In February, Prattville library board director Ray Boles passed a policy change forbidding the library from purchasing books advertised to minors with content including “obscenity, sexual conduct, sexual intercourse, sexual orientation, gender identity, or gender discordance.”
Despite Boles’ statement that he doesn’t want to “look like we’re a bunch of redneck hicks attacking the LGBTQ community,” when Boles told then-library director Andrew Foster to move 113 books to the adult section, the majority of the 113 were “included solely for LGBTQ content” Foster said. Several titles appeared to be on the list only because Clean Up Alabama had previously complained about them.
And since Clean Up Alabama’s assault on the Prattville library began, more than half of the library’s original 17 employees have either resigned or been unceremoniously fired.
Assistant director Kaitlin Wilson was fired a few days after talking to the Alabama Political Reporter. Four employees were fired because they closed the library early in solidarity with Foster, who was also fired for talking to the press. And the remaining employees are mostly either part-timers or split between several branches.

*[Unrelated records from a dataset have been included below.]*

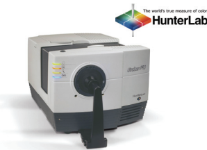
リサーチ分光測色計 Ultra Scan PRO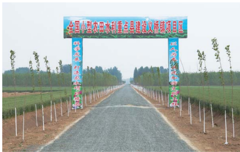
△田间道路拍卖承包增加收入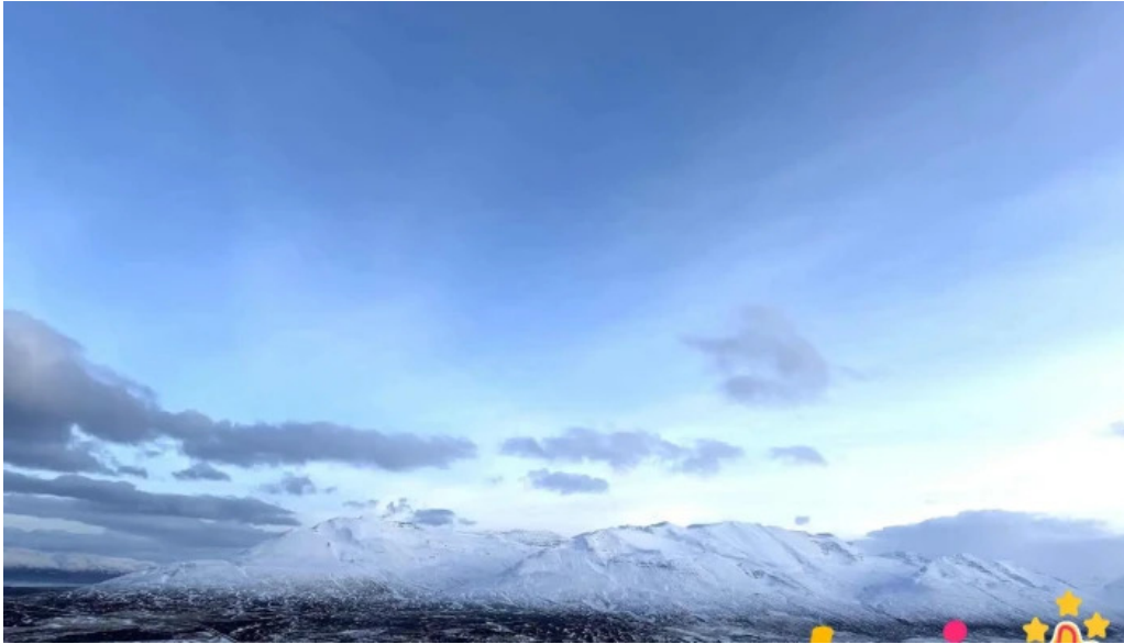
Skidasvaedi dalvikur nyjast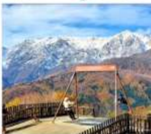
ฮาคูนะอิวาทาเกะ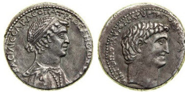
Abb.2. Tetradrachme von Kleopatra und Antonius, 36–33 v. Chr. 29

– kommt man auf 665. Womit alle drei Varianten der Zahl erklärbar werden.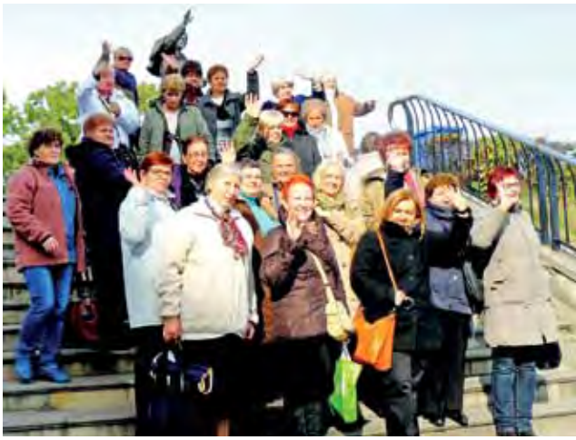
Stowarzyszenie „Łowicki Klub Amazonek” podczas pielgrzymki na Jasną Górę.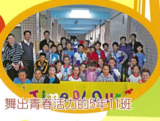
舞出青春活力的5年11班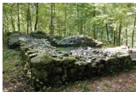
Die Reste der Burg Heitnau.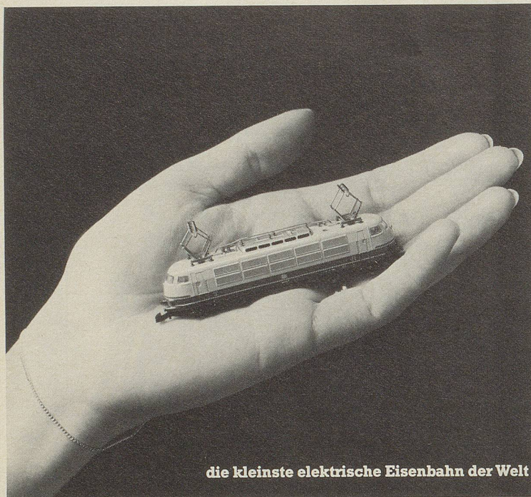
die kleinste elektrische Eisenbahn der Welt

Bei der kleinsten elektrischen Eisenbahn der Welt, der Märklin mini-club, kommen Männer ins Schwärmen. Faszinierend klein und doch eine ausgereifte, vollwertige Modellbahn. Bis ins kleinste Detail. Bis zur echten Oberleitungsfunktion.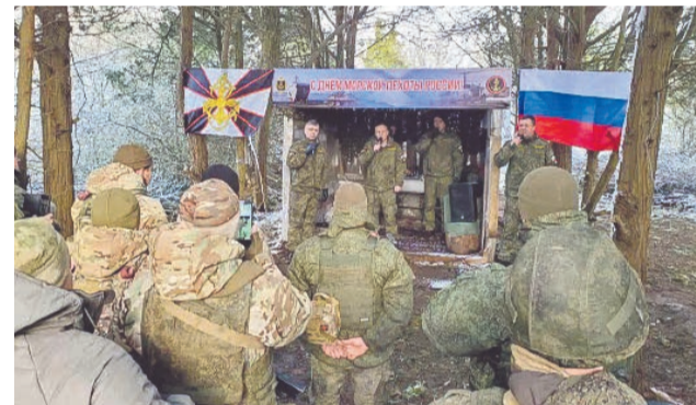
Артисты Ансамбля песни и пляски СФ дали концерт для морпехов Киркенесской бригады на передовой.

сом Боевого Знамени, прошли митинг и поминальная лития о погибших, были возложены венки и цветы.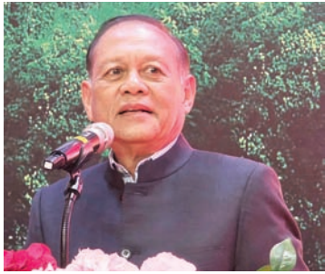
印尼国防部国防外交司特别顾问苏德嘉致辞。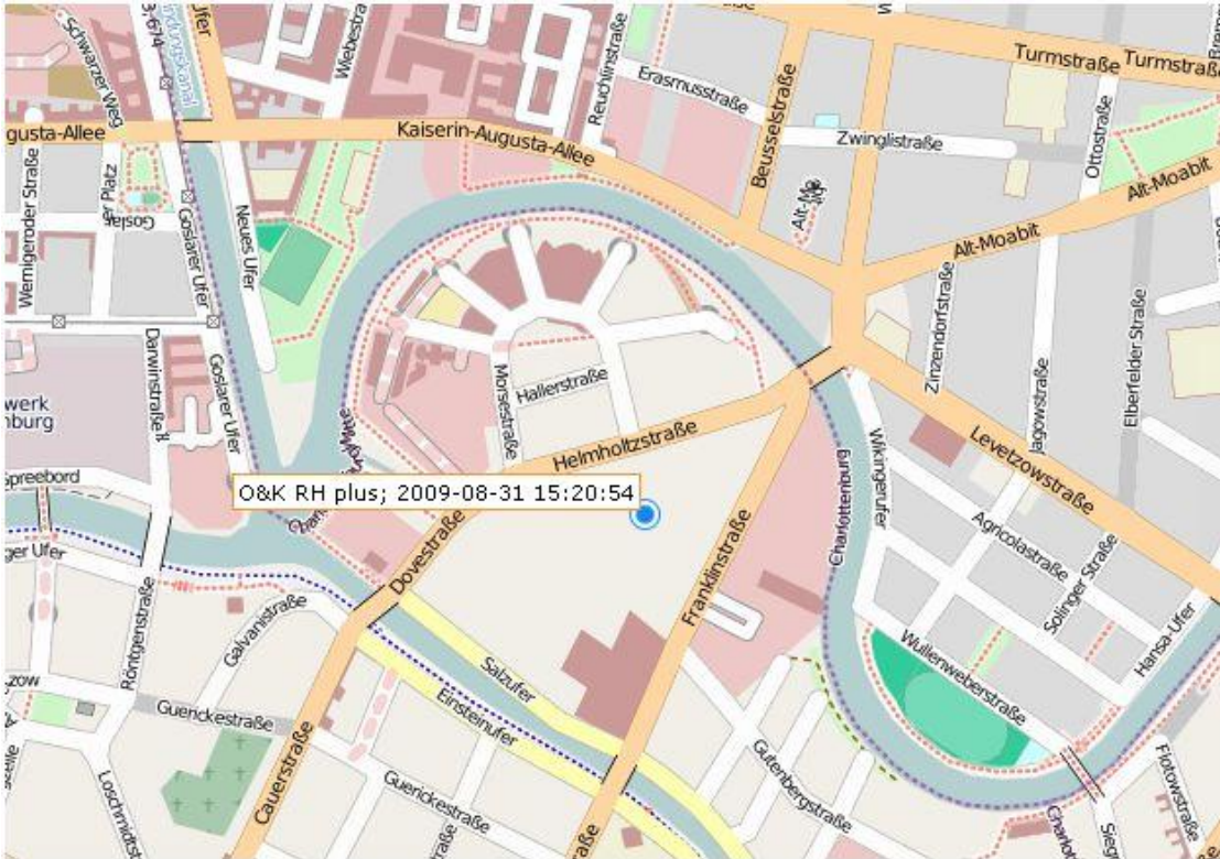
GPS-Lokalisierung mit Datum und Zeitstempel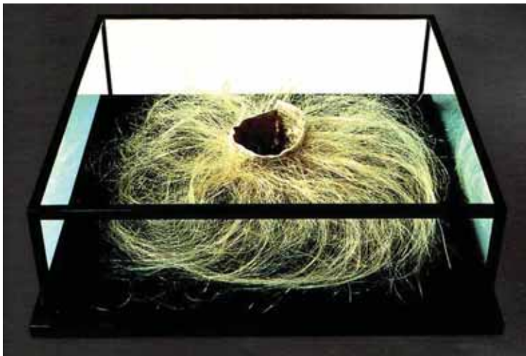
تصویر (۶): آن همیلتون، بدون عنوان، ۱۹۹۳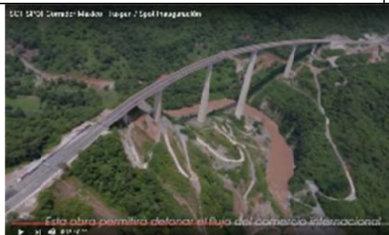
Esta obra permitirá detonar el flujo del comercio internacional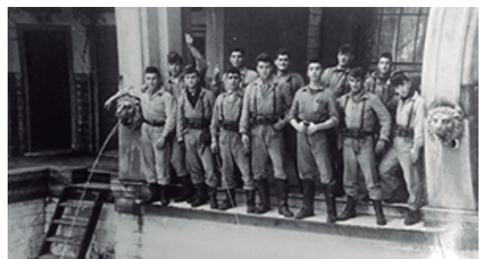
Cadetes reparando la piscina en 1960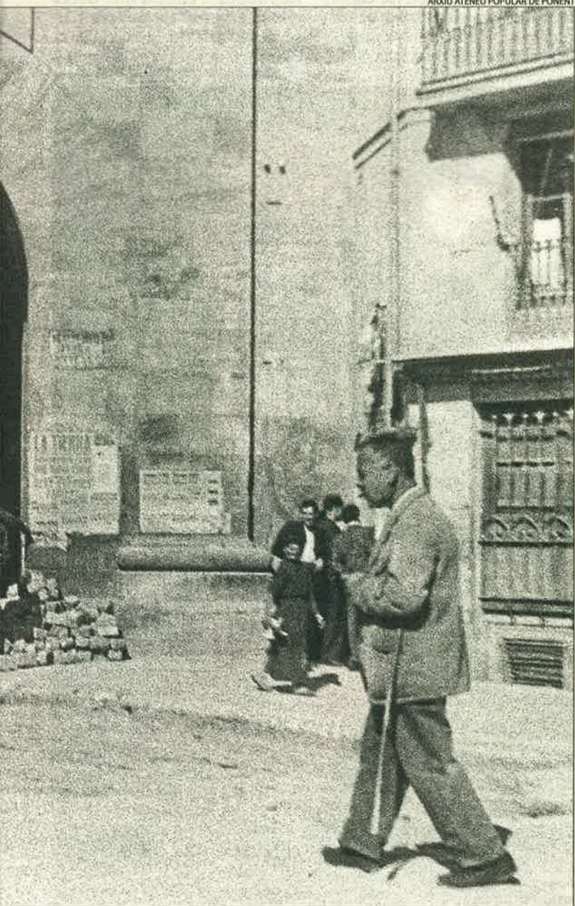
AIXIÚ ATENEU POPULAR DE PONENT

d'esquerres van ser destituïts de forma massiva i van ser substituïts per altres de formats per la minoria de dretes o per gestores. Els sindicats i un gran nombre d'entitats també van ser reprimits.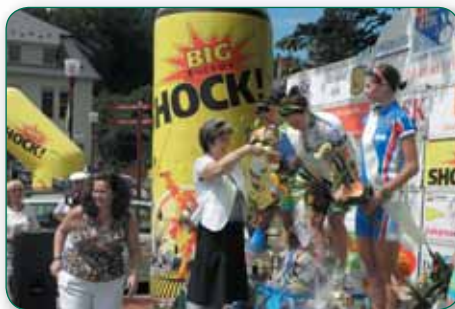
Petrobarevné startovní pole cyklistek tradičně ožívuje prázdninovou Krásnou Lípou i celý Šluknovský výběžek

The library is now so short-staffed that it is unable to offer any programs for Prattville community members unless they are volunteer-led.
In short, the Prattville library is barely treading water, and the Clean Up Alabama crew is denying all responsibility while working to slowly replace every actual librarian with partisan operatives.
Complaining about “fake news,” Boles refuses to talk to reputable local news outlets and is demonstrably willing to fire librarians for making even basic statements to the press. But he still popped onto a conservative radio show to blame Foster for pulling LGBTQ+ books off of the shelf, which Boles had specifically asked Foster to do in an email.
And unfortunately for Alabama’s children and library patrons of all stripes, unless something shocking happens, Prattville is about to be the statewide model. In a March op-ed published by 1819 News, an outlet with a history of anti-LGBTQ+ writing, Herring crowed about how Clean Up Alabama’s mission has now been adopted by Gov. Kay Ivey.
In February, Ivey appointed Amy Minton to the Alabama Public Library Service, the state agency that oversees the distribution of state funds to local libraries. Minton then proposed changes to the APLS code that almost exactly mirror the recent changes to the Prattville library’s policies.
On April 9, the House Ways and Means Education Committee approved a budget for the APLS that would reduce its funding by $750,000, or 18% of the APLS’ operating budget. If signed into law, the budget will also require that libraries obey Minton’s proposed changes in order to receive any state funds.
On April 4, as the outgoing chair of the UA Leftist Collective, I had the pleasure of helping co-host a local “Save Our Libraries” letter-writing event with the Birmingham Democratic Socialists of America. Attendees wrote dozens of letters to the APLS arguing against the proposed rules change.
In my letter, I wrote about how I learned firsthand just how important local libraries are back in my hometown of Virginia Beach.
I began volunteering with the Kempsville Library’s Teen Advisory Group pretty much the second I became a teen, mostly helping out with the weekly Teen Time events. The events ranged from anime nights to cooking competitions and board game get-togethers.
What Teen Time actually meant was that kids from across the Kempsville area had a regular opportunity to get together and socialize without worrying about socioeconomic status, bullying or people who wouldn’t accept their identity.
Libraries are more than just repositories for books. They are essential public spaces in a society with increasingly few of those.
As is made abundantly clear by the Prattville library’s recent travails, the homophobia and transphobia of Clean Up Alabama and its allies are threatening not just children’s ability to access age-appropriate content with LGBTQ+ themes and content, but the basic ability of public libraries to function.
If you want Alabama children to be able to read at the library and if you want vibrant local public spaces to still exist in a decade’s time, you need to speak out against Ivey and Clean Up Alabama’s takeover of the APLS. The public comment period ends April 30, and there are instructions for how to write a letter to the APLS here.
Don’t let the fox guard the henhouse. Save our libraries.